Recorded data:
=== Section Start ===

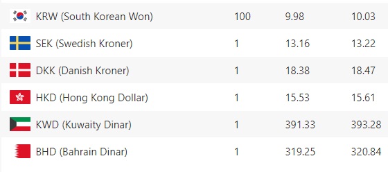 कुवेती दिनार एकको खरिददर ३९१ रुपैयाँ ३३ पैसा तथा बिक्रिदर ३९३ रुपैयाँ २८ पैसा रहेको छ। बहराईन दिनार एकको खरिददर ३१९ रुपैयाँ २५ पैसा तथा बिक्रिदर ३२० रुपैयाँ ८४ पैसा रहेको छ।
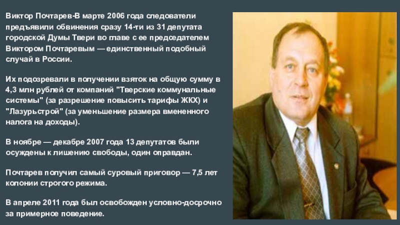 Слайд 12Виктор Почтарев-В марте 2006 года следователи предъявили обвинения сразу 14-ти из
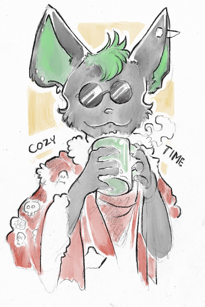 Just a quick scribble from last month of Bently, my profoundly dorky bat-sona (one can never have too many fursonas, and I don't always feel like a bubblegum pink fox).
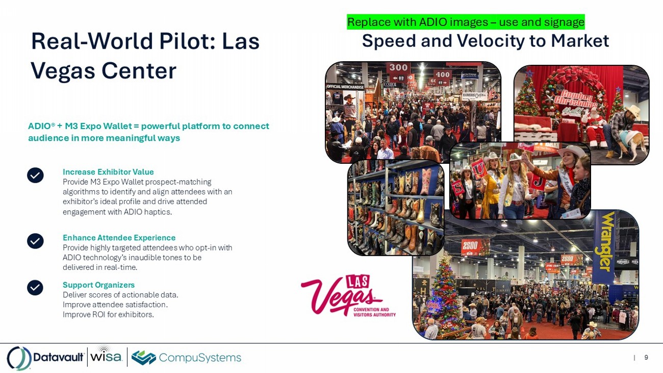 | 8 Patented Data over Sound • Catapults CSI registrations into high margin revenue & growth • Haptics over smartwatch and smartphone drive engagement • Improving mobile response • Creating revenue from advertising sponsors and ticket sales • Triggering immutable artifacts delivery • Tracking, tracing and analytics Industry Leader in Event Registration and Lead Retrieval • Provides access to 1.4+M registrants per annum via 100 - person team • 10s of millions of registrants from past events • Audio tours at premier venues, i.e. The MET • Foundational M3 Expo Wallet and Wayfinding • Infrastructure to unlock scalable revenue • Fully integrated CRMs: Monetizing Data Assets on Web 3.0 • Successful pilots • Sports & entertainment synergies Creating Revenue Streams and Value through Events
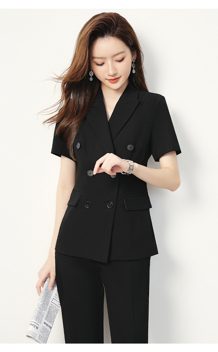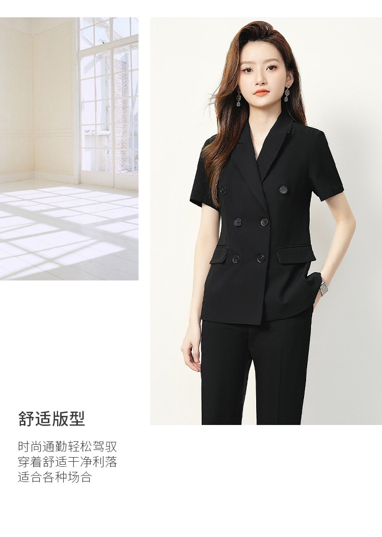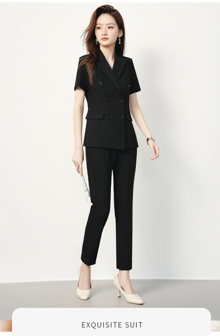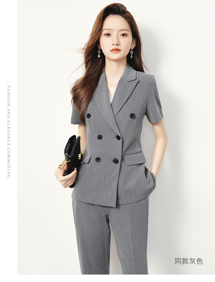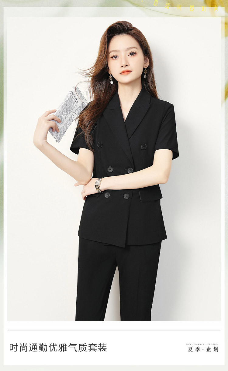 【双排扣短袖西服+长裤】罗蒙夏季女士套装商务时尚百搭两件套女
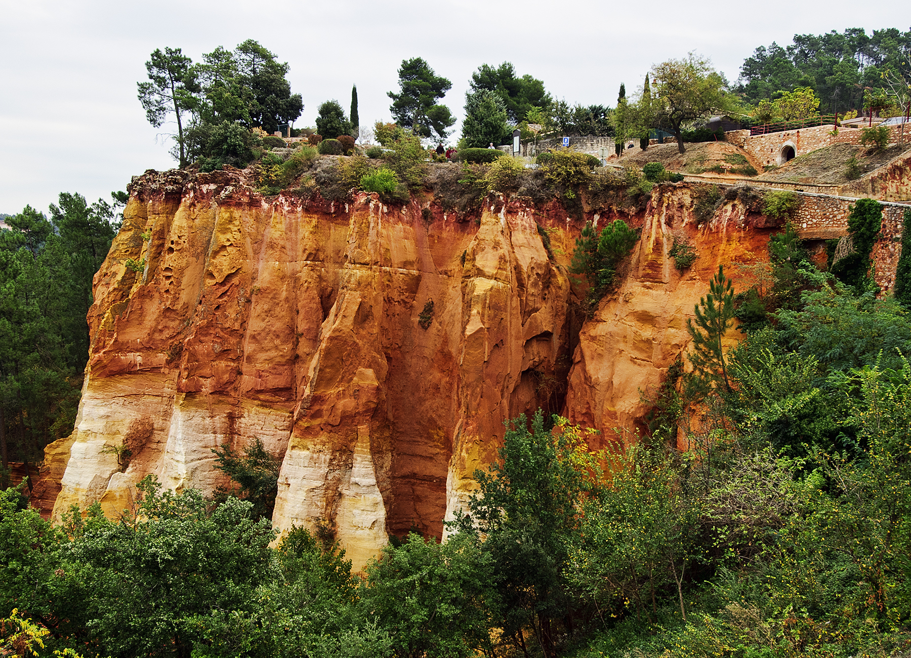 Après une courte promenade le long du haut de cette falaise, on arrive aux carrières d’ocre, òu pendant des siècles on a miné les matériaux qu’on a utilisés pour construire les bâtiments du village. Dans les carrières on voit beaucoup de formes colorées et fantasques comme ceux-ci:
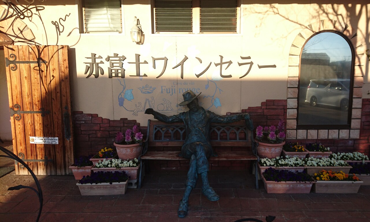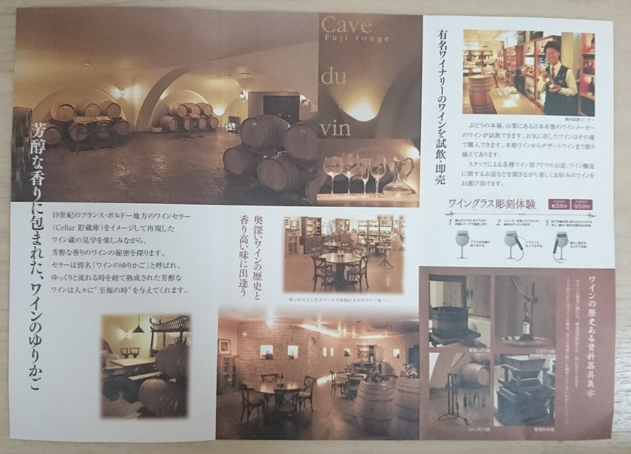 河口湖大橋から車で5分程の所にある長細い建物のワインセラー。入館、試飲無料。入口の隣に写真スポットあり。入るとまずワインの樽とワイングラスに彫刻体験が出来るテーブルあり。その奥の扉を入ると数々のワインのが並べてあり購入も出来る。更に奥にはテーブルと椅子がありゆったりとワインをたしなめる。
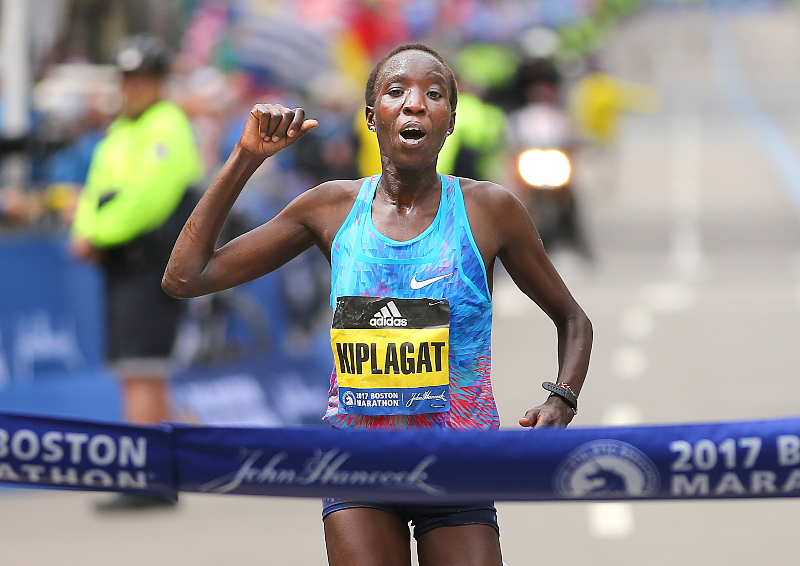 Support WBURBoston Champ Juggles Marathons, 5 Kids, Kenyan FarmJason BeaubienApril 26, 2017 ShareEdna Kiplagat crosses the finish line of the 121st Boston Marathon on April 17. It was her first time running the race. (Boston Globe via Getty Images)
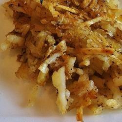 The next morning, heat butter in a large skillet or frying pan. Shred potatoes and add to pan. Season with salt and pepper. Cook until golden brown on bottom, flip and brown on other side.
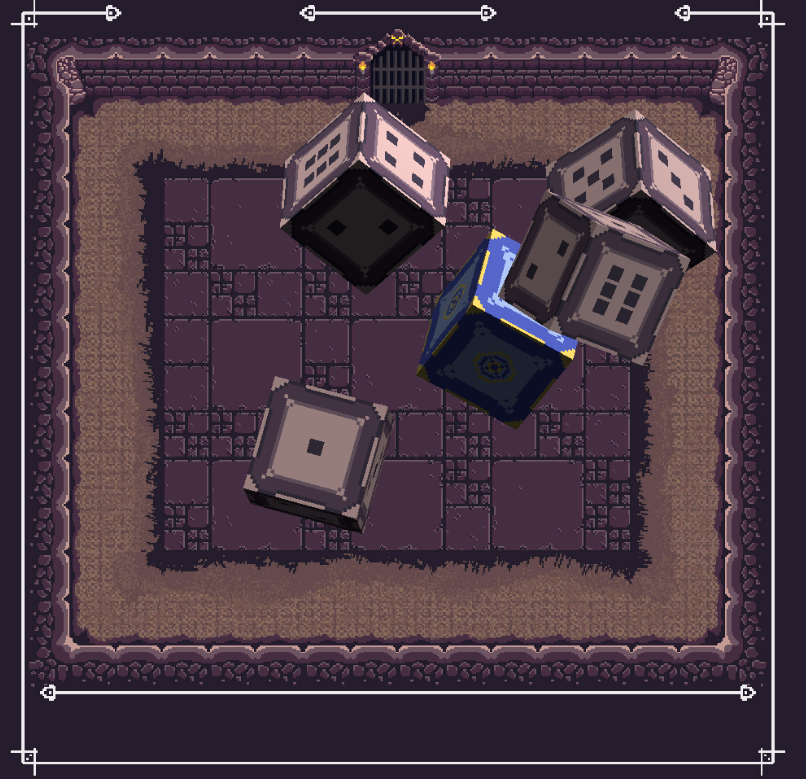 The dice were effectively cubes that were given a small force in a random direction plus gravity enabled to have them fall to the arena below. I added logic to re-activate any dice that were cocked or landed on another dice until all dice were flat at rest. From there, the dice would determine spawn locations for the 2D player sprite, enemy sprites and any treasure sprites that were rolled.
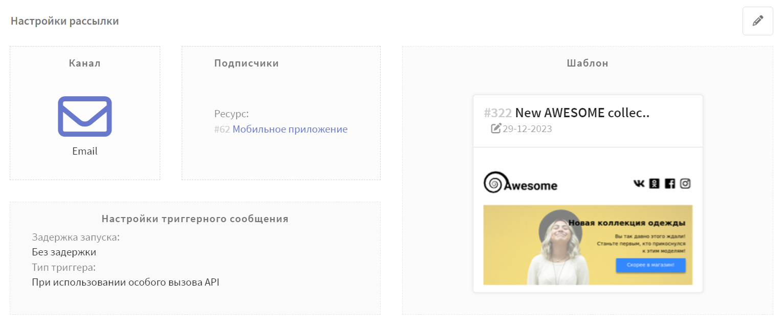 | Открыт Email | Пиксель отслеживания зафиксировал открытие письма по выбранному шаблону. |
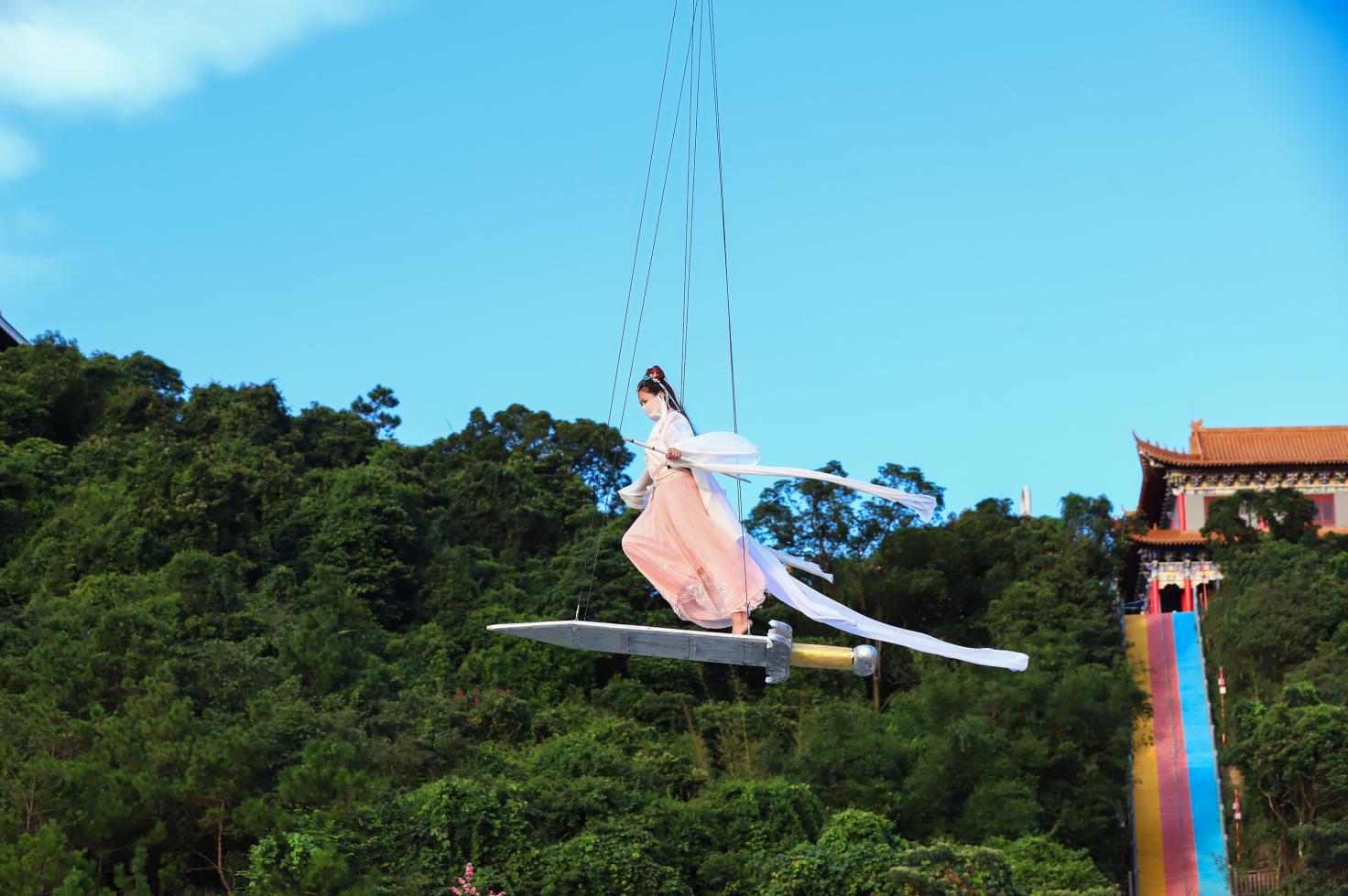 此外,觀音山上還能“御劍飛行”啦!一經(jīng)推出,瞬間成為全網(wǎng)飛天體驗(yàn)中的一股清流,吸引眾多網(wǎng)友的關(guān)注,不禁感嘆,花式之豐富有趣。作為抖音爆火的項(xiàng)目網(wǎng)紅飛天威亞,一直以來備受游客青睞!國慶期間,來觀音山,飛天威亞還能玩出新花樣,為游客提供御劍飛行模式,打造獨(dú)特飛天體驗(yàn)!
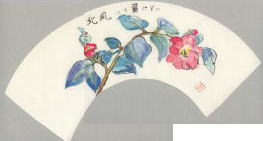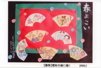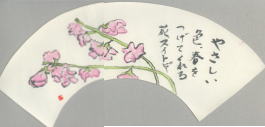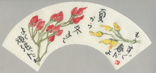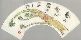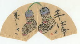 半紙を扇型に切り抜いて扇型を作って描いた作品
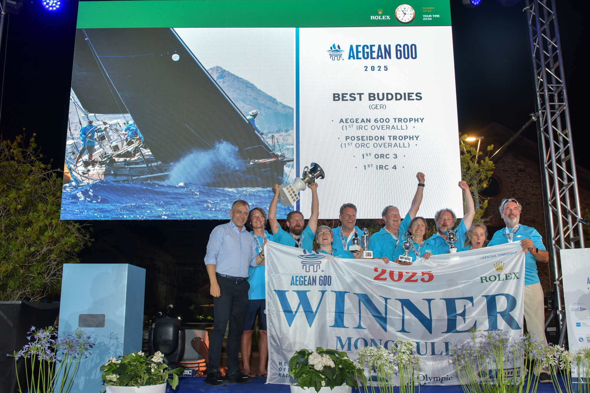 Σε γερμανικά χέρια, όπως και πέρσι, παρέμεινε το κύπελλο του Aegean 600. Το σκάφος Best Buddies από την Γερμανία με κυβερνήτη τον Kay Johannes Wrede πανηγύρισε την κατάκτηση του βαρύτιμου επαμειβόμενου κυπέλλου στη λαμπερή τελετή απονομής επάθλων που φιλοξενήθηκε το βράδυ του Σαββάτου στο Τεχνολογικό Πάρκο Λαυρίου. «Δεν είχε περάσει καν από το μυαλό μας ότι θα ερχόταν η ώρα που θα κερδίζαμε το AEGEAN 600 αλλά η προσπάθειά μας ανταμείφθηκε. Ήταν ένας σκληρός αγώνας με πολλές εναλλαγές στον άνεμο που δυσκόλεψε όλα τα πληρώματα. Ήταν κάτι το ανεπανάληπτο για εμάς να ταξιδεύουμε στο Αιγαίο και ανυπομονούμε να το ξαναζήσουμε το ερχόμενο καλοκαίρι» έλεγε περιχαρής ο κυβερνήτης του Best Buddies, Kay Johannes Wrede κρατώντας στην αγκαλιά του το κύπελλο του αγώνα, το οποίο είναι ακριβές αντίγραφο ενός κρατήρα αττικού εργαστηρίου του 5ου αιώνα Π.Χ.
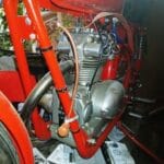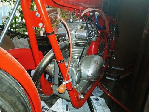 At the heart of the 75 Monoalbero is its celebrated single-cylinder, single overhead cam engine, stamped “Milano – Taranto” and featuring a five-speed gearbox, a configuration extraordinarily sophisticated for a 75cc motorcycle of the period. This example is a matching-number machine, complete with ASI Historic certificate, and is believed to be among the earliest production units. Its engine is in superb running condition, requiring no restoration or mechanical work.

=== Section End ===

TASK ITEM: The response must match the data line for line, from its first line through the line with "Слайд 12Виктор Почтарев-В", inclusive, and must leave out the pictures.

REPLY:
 कुवेती दिनार एकको खरिददर ३९१ रुपैयाँ ३३ पैसा तथा बिक्रिदर ३९३ रुपैयाँ २८ पैसा रहेको छ। बहराईन दिनार एकको खरिददर ३१९ रुपैयाँ २५ पैसा तथा बिक्रिदर ३२० रुपैयाँ ८४ पैसा रहेको छ।
 Слайд 12Виктор Почтарев-В марте 2006 года следователи предъявили обвинения сразу 14-ти из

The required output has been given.